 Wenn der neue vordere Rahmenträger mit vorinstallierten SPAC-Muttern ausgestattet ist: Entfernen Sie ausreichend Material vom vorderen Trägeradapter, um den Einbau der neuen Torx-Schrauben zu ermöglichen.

·····

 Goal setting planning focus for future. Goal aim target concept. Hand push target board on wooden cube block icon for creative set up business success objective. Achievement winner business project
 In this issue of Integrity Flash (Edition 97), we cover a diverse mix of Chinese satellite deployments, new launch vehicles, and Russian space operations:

·····

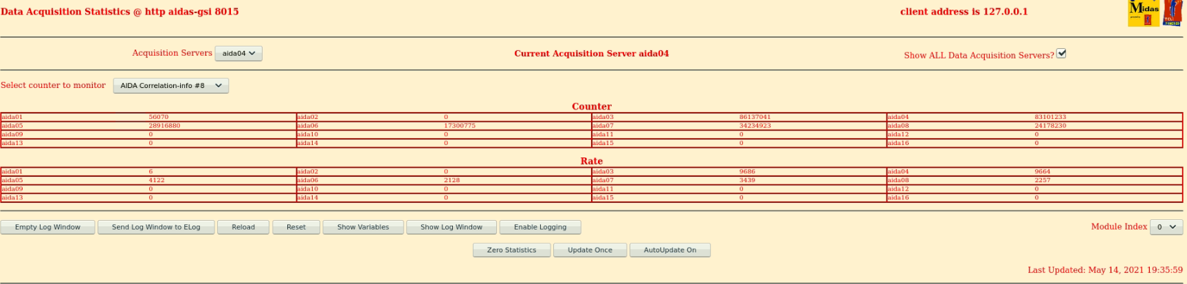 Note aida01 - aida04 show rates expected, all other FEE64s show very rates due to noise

·····

__EXERCISE GOAL__
Above are the entries. Quote exactly the lines from the one bearing "Goal setting planning" through the one bearing "In this issue".

__TASK RESPONSE__
 Goal setting planning focus for future. Goal aim target concept. Hand push target board on wooden cube block icon for creative set up business success objective. Achievement winner business project
 In this issue of Integrity Flash (Edition 97), we cover a diverse mix of Chinese satellite deployments, new launch vehicles, and Russian space operations:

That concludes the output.